Hanged. Past tense of…

Sorry, had to do that.

Phew!

Cheers JD. . .

Hate the term hanged for some reason, hung sounds much better. Maybe it’s because of my convict streak?

Which reminds me . . . an oldie but a goldie:

CONVICT STREAK - Dave Warner . . take offence if you must, but it is in fact a great satirical dig at Aussie racism.

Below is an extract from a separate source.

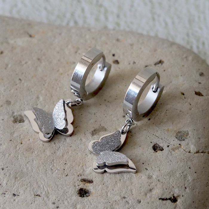 【金属アレルギー対応】 136-S. 蝶 スターダスト シルバー フープピアス 1ペア 国内発送 ステンレス【メール便送料無料】
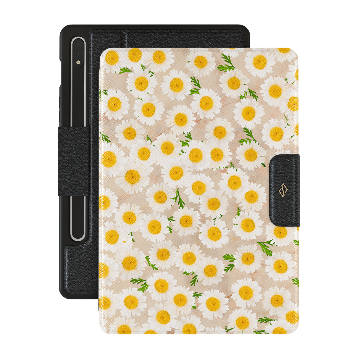 The smell of the Daisies surrounding you, memories of "Loves me, loves me not," and the smile it gives you. Feel free to look, to smell. Take this blissful moment with your daisy inspired Samsung Galaxy Tab S8+/S7+/S7 FE folio case whenever you need a little relaxation or when you want to simply enjoy the moment while protecting your Galaxy Tab.

Maybe it’s because of our Convict Streak
We wanna fight everyone we meet
Anzac Day is our day of the year
We march our march, we drink our beer

We don’t like Slopes, we don’t like Yanks
I’d personally like to blow up
every Commie tank
We’re only few but we fought in 'Nam
Packed our guns alongside Uncle Sam
Ask any of us, it were no sin
The only crime was that we didn’t win

(chorus)
And … The Poms are weak as piss
The French are queer
The Germans are wankers,
but they make good beer
Don’t criticise what you don’t understand
If you think I’m talking shit
you don’t belong in this land

I’m Australian, we all are
We watch the telly and we drive our car
But don’t you ever SAY WE’RE WEAK
Or you’ll learn all about our Convict Streak

The world began with Adam and Eve
But Australia started at Gallipolli
Our fathers put the Desert into Desert Rats
Their uncles slipped the boot in,
up in Lambing Flats. (Ouch!)

Don’t criticise what you don’t understand
It’s not that we’re behind the times,
we’re in a different land
We might be slobs but WE’RE NOT WEAK
Maybe it’s because of our Convict Streak

(chorus)

I’m Australian, so are you
It doesn’t matter if you’re Ding or Jew
Just remember, while you’re here
You march our march and you drink our beer

HG

[quote=“whiskas2”][The city-state is run by a bunch of crypto-fascist cunts who want people to stop chewing gums, believe in eugenics as a form of family planning, and take newspapers to their phony courts for libel on a whim. The court system is tainted and has been faulted in the past for torturing people to extract confessions.

.[/quote]

I hope the Singaporean government isnt reading your posts :blush: :blush:

cyber.law.harvard.edu/globalvoic … -bloggers/

[quote=“sojourner”]Hanged. Past tense of…

Sorry, had to do that.

Phew![/quote]

He could be hung as well. Who’s to say? :idunno:

Moderators,

I was just wondering why you felt it necessary to change the title of my Original Post??

[quote=“Erick Morillo”]Moderators,

I was just wondering why you felt it necessary to change the title of my Original Post??[/quote]

I merged your thread with another, which was started I gather, because no one knew what yours was about. :slight_smile:

My apologies. I should have PMed you. :blush: The title was changed for clarification purposes.